ChemChina agrees to buy Syngenta in record $43 bn deal

The offer of $465 a share in cash, endorsed by Syngenta’s board, is about 20% higher than the stock’s last close

Sarah Chen, Alice Baghdjian, Sheenagh Matthews 03FEB16

Beijing/Zurich/Frankfurt: China National Chemical Corp. agreed to buy Swiss pesticide and seeds maker Syngenta AG for more than $43 billion in cash as the state-backed company extends its shopping spree with what would be the biggest acquisition by a Chinese firm.

ChemChina, as the closely held company is known, offered $465 a share in cash, according to a statement on Wednesday. The offer, endorsed by Syngenta’s board, is about 20% higher than the stock’s last close.

Shares rose as much as 7% and were trading 6% higher at 415.90 francs at 9.06am in Zurich.
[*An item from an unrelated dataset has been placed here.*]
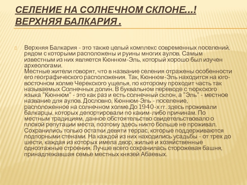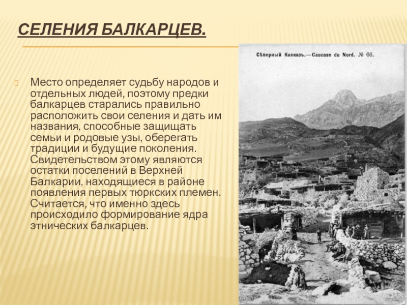 старались правильно расположить свои селения и дать им названия, способные защищать семьи и родовые узы, оберегать традиции и будущие поколения. Свидетельством этому являются остатки поселений в Верхней Балкарии, находящиеся в районе появления первых тюркских племен. Считается, что именно здесь происходило формирование ядра этнических балкарцев.

If completed, the deal would help chairman Ren Jianxin transform ChemChina into the world’s biggest supplier of pesticides and agrochemicals, while snatching an asset coveted by St. Louis-based Monsanto Co. It also underscores the importance China attaches to owning seed and cropcare technology that can boost agricultural output and help feed the world’s biggest population.

Syngenta had sales of $13.4 billion in 2015, mainly from crop protection such as pesticides and the seeds business. Bolstering agrochemicals would help ChemChina reduce its reliance on petrochemical and petroleum products, which accounted for almost half of the 256.4 billion yuan ($39 billion) in revenue it had in 2014, the latest annual figures available for the company.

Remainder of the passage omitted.